Delving into the Cambridge-Nesta Report

By Sam Griffiths on 18th February 2016

P2P/Marketplace Lending

Cambridge University’s Centre for Alternative Finance and Nesta published their annual Alternative Finance Industry Report yesterday. The comprehensive 56 page report gives a great snapshot of the Alternative Finance space, revealing key details about the  inner workings of the space and the hopes and fears of the participants.

Delving into the Cambridge-Nesta Report

Last night’s launch event, at report sponsor KPMG’s offices in Canary Wharf, produced some lively debate with a panel including Giles Andrews, executive chairman of Zopa, Julia Groves, chair of the UKCFA and Robert Wardrop, Executive Director of the Cambridge Centre for Alternative Finance.
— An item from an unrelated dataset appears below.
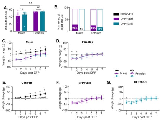 We challenged males with 4 mg/kg and females 5 mg/kg DFP, or an equal volume of VEH, followed by 2 mg/kg ATS, 25 mg/kg 2-PAM (immediately) and MDZ (after one hour). There were no differences in the initial SE severity between animals that were used to treat with SAR or VEH or for either sex, nor were there sex differences (Figure 2A). None of the VEH-treated males or females died, while 2/10 males (2 and 6 days post-DFP) and 2/8 females (2 and 4 days post-DFP) treated with SAR died. Further, 28% of VEH-treated males (n = 7) and 25% of VEH-treated females (n = 8) had at least one CS during handling compared to none in SAR-treated males (n = 8) and 17% in SAR-treated females (n = 6) (Figure 2B). The differences were not significantly different between VEH- and SAR-treated animals. DFP intoxication led to significant weight loss for the first 3–4 days post-exposure in both males and females, and SAR treatment had no effect (Figure 2C,D). We also compared males and females in each treatment group (Figure 2E–G). Male controls gained weight significantly quicker than female controls (Figure 2E). There were no differences in weight loss between sexes for DFP-treated animals, with the exception of the first day of DFP and SAR males compared to DFP and SAR females (Figure 2G).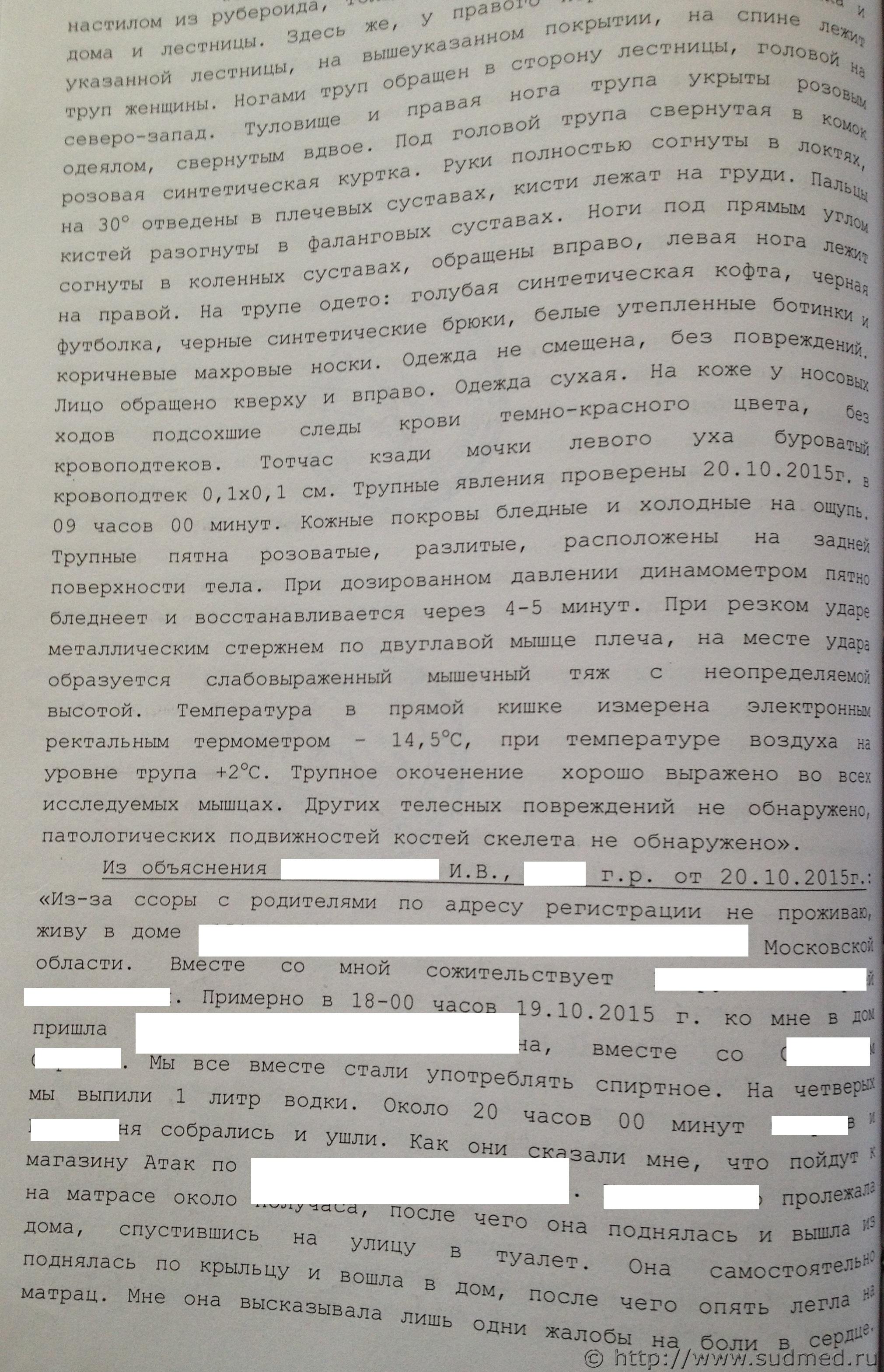 Обстоятельства: Мужчина нанес два удара правой ногой по левой части головы женщине, а также два удара по лицу руками (левой и правой), примерно, через час после этого женщина упала, спускаясь с лестницы садового домика (само падение не видели, но сразу после падения она лежала на левом боку, т.е. я предполагаю, что ударилась левой стороной), женщина была в тяжелой степени опьянения, в результате женщина умерла. Судмедэксперт установил следующее: 1.1. закрытая черепно-мозговая травма: ссадины в лобной области, кровоизлияния в мягкие ткани лобной области, кровоподтек в области левого сосцевидного отростка и на левой ушной раковине, перелом костей носа, кровоподтек на верхнем веке левого глаза, очаговое субарахнаидальное кровоизлияние на лобном полюсе левого полушария головного мозга, разрыв соединительное вены у сагиттального синуса, правосторонняя субдуральная гематома (169 гр) 1.2. Признаки сдавления головного мозга гематомой (кровью): отек-набухание и дислокация головного мозга в большое затылочное отверстие, субарахноидальные кровоизлияния на затылочном полюсе правого полушария, на основании височной доли правого полушария головного мозга, вторичные кровоизлияния в стволовой отдел головного мозга. При этом эксперт делает вывод о том, что данные повреждения не могли образоваться от падения из вертикального или близкого к нему положения. Между тем, удары наносились в левую часть головы, в связи с чем не может ли возникшая правосторонняя субдуральная гематома (169 гр) служит признаком "противоудара", который возникает при падении о твердую плоскую поверхность, так как есть основания полагать, что женщина упала левой стороной? Прошу помощи в этом вопросе. Может быть нужно еще предоставить информацию. |

The panel were challenged on a variety of subjects from how to get Londoners to participate more in community share projects to the lack of women participating in alternative finance and the debate around the credit worthiness of minibonds.

The full report can be read here. However, for those not able to read the report cover to cover, we’ve summarised the key findings and drawn out some of the points that we find particularly new and interesting below.

The volume data that the report outlines tallies closely with AltFi Data’s daily updated statistics with the exception of equity crowdfunding where the report has a significantly higher figure (£245m vs £169m) – read more about the difficulty in tracking accurate equity crowdfunding volumes here. The report casts its definition of alternative finance slightly wider than the Liberum AltFi Volume Index, including segments such as reward-based crowdfunding, community shares and pension-led funding. Real-estate peer to peer lending is highlighted as the fastest growing segment which tallies with our analysis outlined just a few days ago.  AltFi Data also applaud and appreciate the excellent job that Nesta have done of breaking down and defining industry taxonomy. The chart below is an excellent way of defining the distinct sub-sections of the species!

One of the most interesting findings confirms something that I’ve observed but never seen hard facts to back it up. Namely, that the number of alternative finance platforms launching today is nowhere near the level seen a few years ago. In fact, the number of new platforms incorporated in 2015 was down 75% on 2013. The chart also confirms that it takes roughly a year for a platform to get from incorporation to launch, again another rule of thumb confirmed by data.

The report surveyed platforms attitudes to regulation and both in equity crowdfunding and in peer to peer, the overwhelming majority of platforms (around 90%) felt that regulation was ‘adequate and appropriate’.

However, this attitude sits uncomfortably alongside the biggest fear in the industry: ‘The collapse of one or more well known platforms due to malpractice’. Over half of the survey’s respondents perceived this as a ‘high’ or ‘very high’ risk.

Looking at investor types in equity crowdfunding, the report found that 27% of investors were sophisticated or high new-worth individuals. Leaving the remaining 73%, presumably, as retail investors and underlining the relative unsophistication of the majority of investors in the space. In contrast, real estate equity crowdfunding is currently 77% sophisticated and high net worth investors.

All in, this is an invaluable reference tool for the industry and if you can spare the time, it is well worth reading in detail.